Les volontaires du projet Zikhron Kedochim s’efforcent de recenser les noms des victimes de la Shoah qui ne figurent pas encore dans les fichiers de Yad Vashem. Un travail de titan qui les oblige à chercher dans les recoins de chaque synagogue ou bet midrach.

Ne pas tomber dans l’oubli fut l’une des dernières volontés de nombreuses victimes de la Shoah. Lorsque rav Israël Shapiro (le Rabbi de Bluzhov) zatsal est arrivé aux États-Unis après avoir miraculeusement survécu aux camps de concentration nazis, une réception a été organisée en son honneur. À cette occasion, il a lu les dernières volontés que lui avait confiées l’une des victimes : « Nous sommes 800 Juifs cernés par les Nazis qui vont nous tuer, mais ils n’ont pas encore décidé s’ils vont nous abattre ou nous envoyer aux crématoires. Je vous en prie, Rabbi bien aimé, quand vous serez en Erets Israël, posez une petite pierre avec mon nom et celui de ma femme pour que nous ne soyons pas oubliés ou rayés du Peuple d’Israël… Je dois me dépêcher parce qu’ils nous demc mandent déjà de nous déshabiller… Arié Ben Léa ».

La collecte des noms

Depuis soixante ans, des hommes tentent de respecter ces volontés en s’efforçant de mettre un nom sur chacune des victimes de la Shoah. Et pourtant, seuls 3,3 millions de disparus ont été identifiés à ce jour. Il y a trois ans, le projet Zikhron Kedochim (Souvenir des saints) a vu le jour pour tenter de trouver ces noms manquants. Les chercheurs savent pourtant qu’il s’agit d’une mission impossible alors que des communautés entières ont été décimées.

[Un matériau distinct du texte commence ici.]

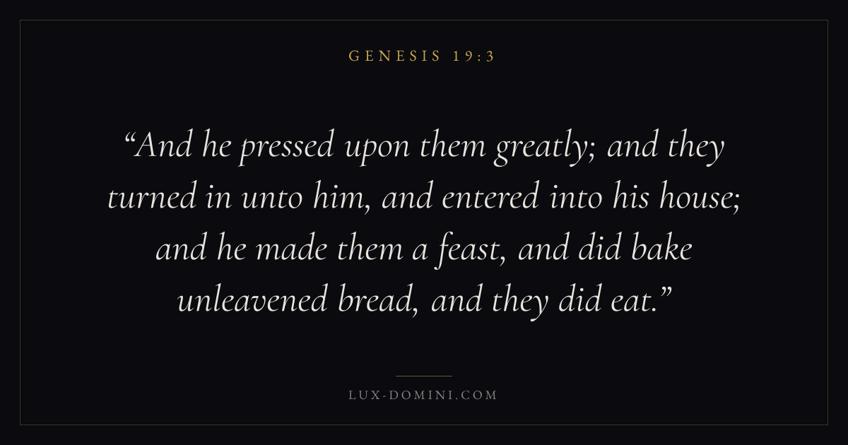 And he pressed upon them greatly; and they turned in unto him, and entered into his house; and he made them a feast, and did bake unleavened bread, and they did eat.

Rabbi David Skolsky, directeur des archives Ginzach Kidush Hachem, a fourni un grand nombre de noms à Yad Vashem qui centralise le projet : « Il est important de constituer une liste des victimes, et nous avons transmis à Yad Vashem tous les noms récoltés durant toutes ces années de recherche », explique-t-il. Sarah Berkowitz, directrice du projet Zikhron Kedochim à Yad Vashem raconte qu’il s’agit de la dernière tentative de redonner une identité à ceux qui ont péri dans la Shoah. « Nous recevons un écho positif du public en général, ainsi que de l’Agoudat Israël d’Amérique et de Ginzach Kidush Hachem à Bné-Brak, qui participent activement au projet », déclare Sarah Berkowitz.

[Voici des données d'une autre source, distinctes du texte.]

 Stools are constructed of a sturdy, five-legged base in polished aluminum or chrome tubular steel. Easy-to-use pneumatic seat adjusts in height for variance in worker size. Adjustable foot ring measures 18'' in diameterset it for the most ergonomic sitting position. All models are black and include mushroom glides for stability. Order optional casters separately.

« Il est impératif qu’un seul organisme centralise toutes les données afin que les personnes qui recherchent un membre de leur famille sachent que toute l’information se trouve ici ». Jusqu’à présent en effet, les noms étaient recensés grâce aux « feuilles de témoignage » du Yad Vashem remplies par les proches ou les relations des victimes. Mais juste après la guerre, beaucoup refusaient de croire que leurs proches avaient été tués et gardaient espoir de les voir revenir. Remplir cette feuille de témoignage signifiait pour eux un renoncemment. Beaucoup de survivants de la Shoah ne parviennent d’ailleurs toujours pas à parler de cette période et de ce qu’ils ont enduré. Ils gardent ainsi cette douleur en eux depuis plus de soixante ans. Ceux qui parviennent à raconter et à parler des proches, disparus dans la tourmente, sont souvent submergés par l’émotion et rennoncent à remplir le formulaire. « C’est un moment terrible pour les survivants de se souvenir de cette période noire et de leurs proches, » assure Sarah Berkowitz. Ces dernières années, on constate cependant un regain d’intérêt dans la recherche des noms : il s’agit d’une course contre la montre. Les survivants vieillissent, et s’ils ne transmettent pas les noms aujourd’hui, ils seront perdus à jamais pour le peuple juif. Zikhron Kedochim met donc tout en oeuvre avant qu’il ne soit trop tard : « Beaucoup des survivants ne peuvent se déplacer, c’est pourquoi des membres de leur famille ou des volontaires se rendent chez eux pour leur faire remplir les feuilles de témoignage ». Mais ces déplacements ne sont pas de simples démarches, et l’évocation de cette période rouvre les blessures de la guerre : « Cela peut souvent prendre plusieurs heures pour faire remplir cette feuille, quelquefois les survivants demandent même aux volontaires de revenir plus tard », continue la directrice du projet.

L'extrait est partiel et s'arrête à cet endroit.